Give back every line of the material exactly. Skip the pictures.

■ **Supplied data**
==========

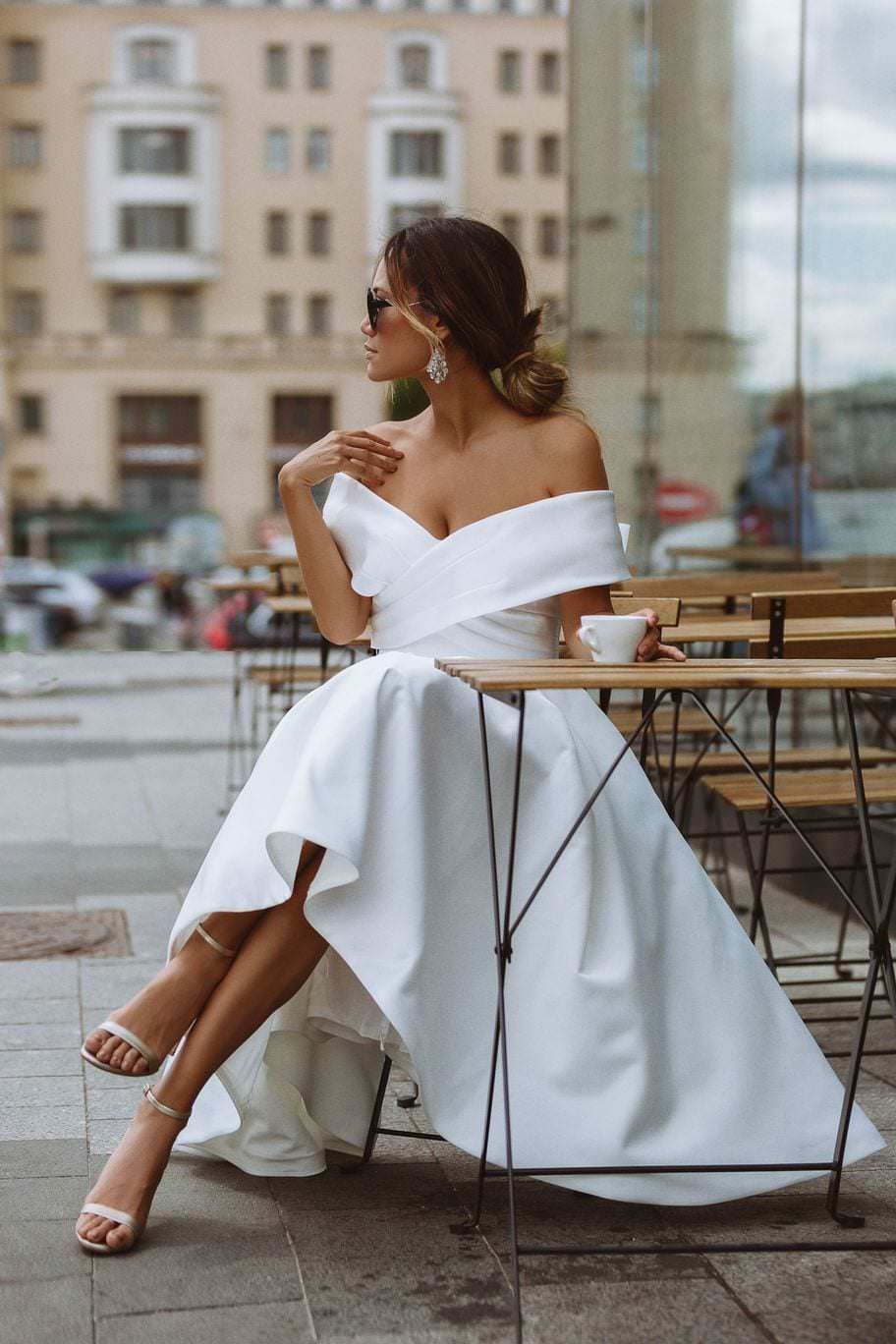 Простые укороченные наряды становятся все более модными. Счастливая избранница в таком виде выделяется среди классических невест. В 2019 г. представлена целая линейка новых образов.
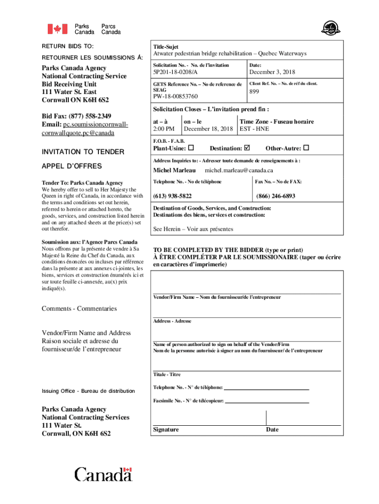 RETURN BIDS TO:TitleSujetRETOURNER LES COMMISSIONS :At water pedestrian bridge rehabilitation Quebec Waterways Parks Canada Agency National Contracting Service Bid Receiving Unit 111 Water St. East
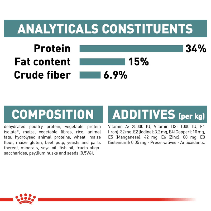 Analytical constituants: Protein: 34.0% – Fat content: 15.0% – Crude ash: 6.9% – Crude fibres: 6.9% – Total dietary fiber: 15.2%.
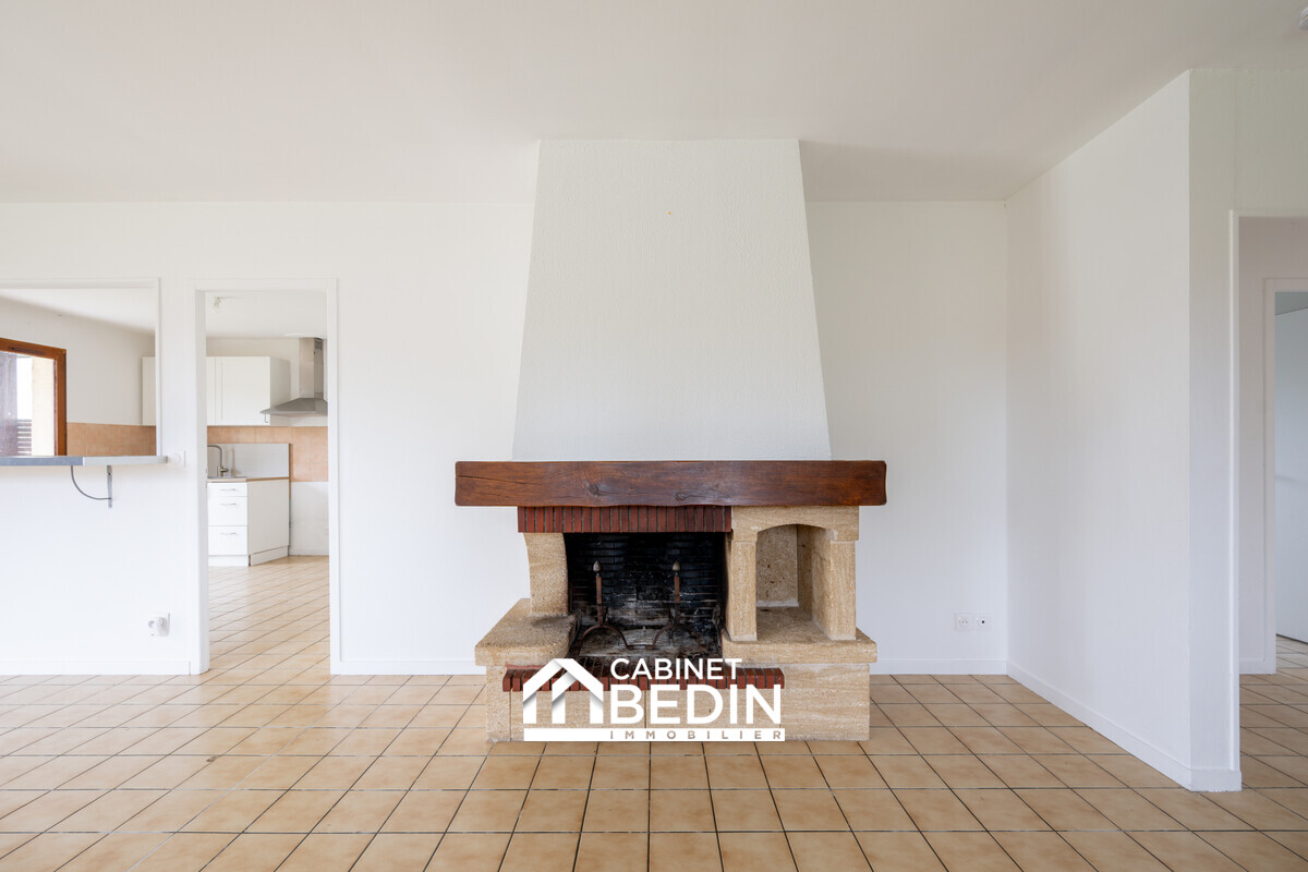 Sa pièce de vie lumineuse de près de 50 m², incluant une cuisine semi-ouverte, invite à la convivialité autour de la cheminée.

==========

■ **Solution for this task**
 Простые укороченные наряды становятся все более модными. Счастливая избранница в таком виде выделяется среди классических невест. В 2019 г. представлена целая линейка новых образов.
 RETURN BIDS TO:TitleSujetRETOURNER LES COMMISSIONS :At water pedestrian bridge rehabilitation Quebec Waterways Parks Canada Agency National Contracting Service Bid Receiving Unit 111 Water St. East
 Analytical constituants: Protein: 34.0% – Fat content: 15.0% – Crude ash: 6.9% – Crude fibres: 6.9% – Total dietary fiber: 15.2%.
 Sa pièce de vie lumineuse de près de 50 m², incluant une cuisine semi-ouverte, invite à la convivialité autour de la cheminée.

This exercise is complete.